### Your task
I would like the lines below, from the one with "Camión con frutas volcó en Santo Domingo" through the one with "今天做个三杯豆干兔。 兔肉太多,除了豆腐干,再配上魔芋。 没有九层塔,就加些蒜叶。", copied exactly and without any pictures.

### Supplied records

*** Begin section ***

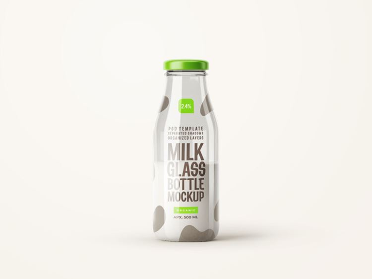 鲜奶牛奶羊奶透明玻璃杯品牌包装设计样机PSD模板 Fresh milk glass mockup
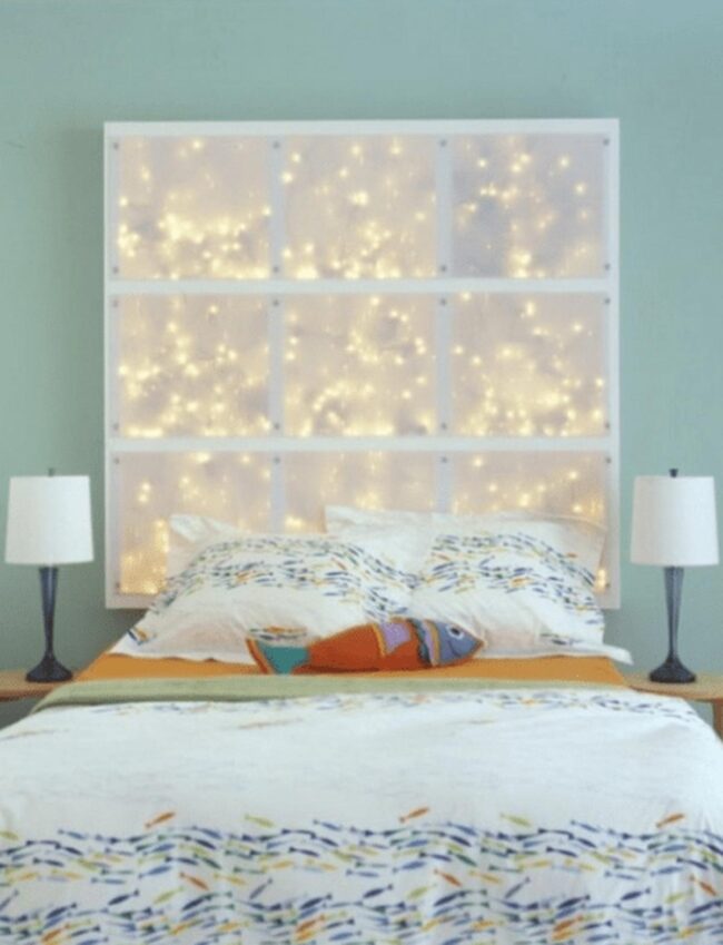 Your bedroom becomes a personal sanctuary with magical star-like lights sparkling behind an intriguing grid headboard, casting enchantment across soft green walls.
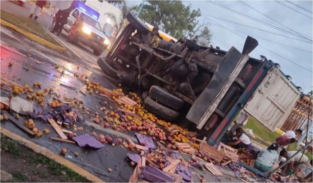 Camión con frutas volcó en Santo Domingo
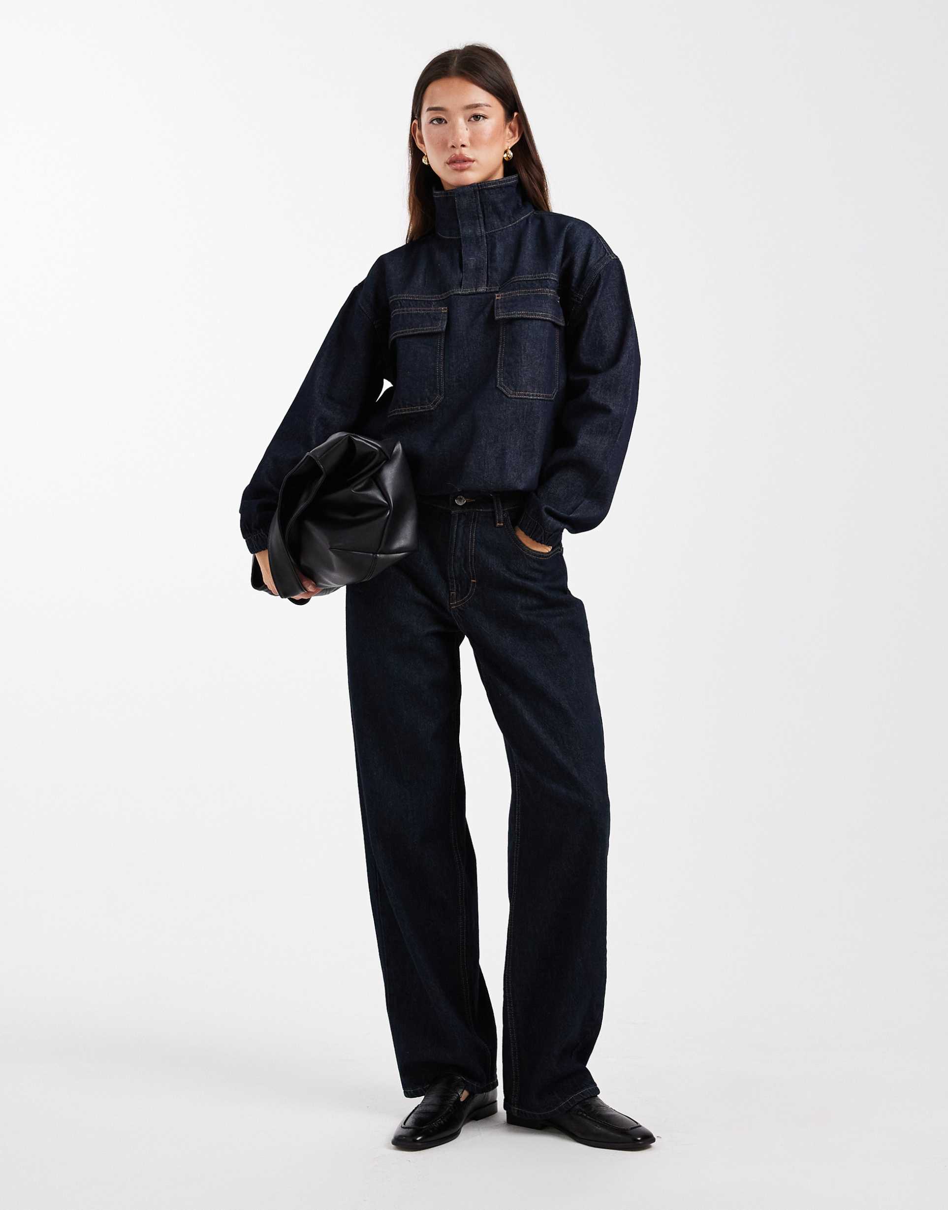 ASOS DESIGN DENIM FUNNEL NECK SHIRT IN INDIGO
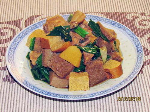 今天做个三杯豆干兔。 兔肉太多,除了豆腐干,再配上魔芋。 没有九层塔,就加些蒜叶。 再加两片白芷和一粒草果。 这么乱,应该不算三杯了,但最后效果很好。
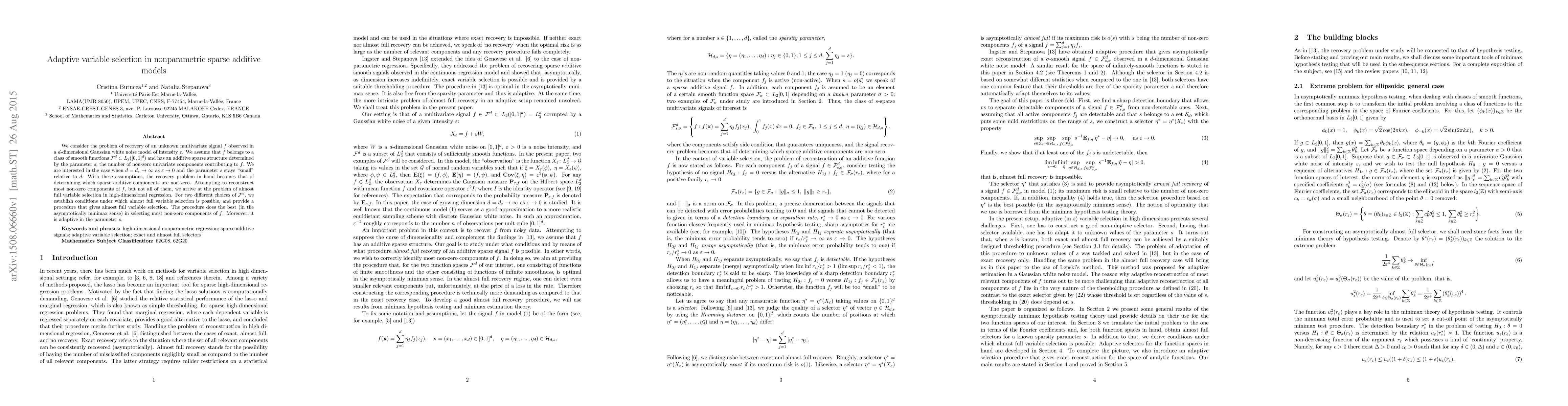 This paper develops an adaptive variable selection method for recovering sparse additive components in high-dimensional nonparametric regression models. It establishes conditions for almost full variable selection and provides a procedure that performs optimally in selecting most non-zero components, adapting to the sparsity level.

*** End section ***

### Written reply
 Camión con frutas volcó en Santo Domingo
 ASOS DESIGN DENIM FUNNEL NECK SHIRT IN INDIGO
 今天做个三杯豆干兔。 兔肉太多,除了豆腐干,再配上魔芋。 没有九层塔,就加些蒜叶。 再加两片白芷和一粒草果。 这么乱,应该不算三杯了,但最后效果很好。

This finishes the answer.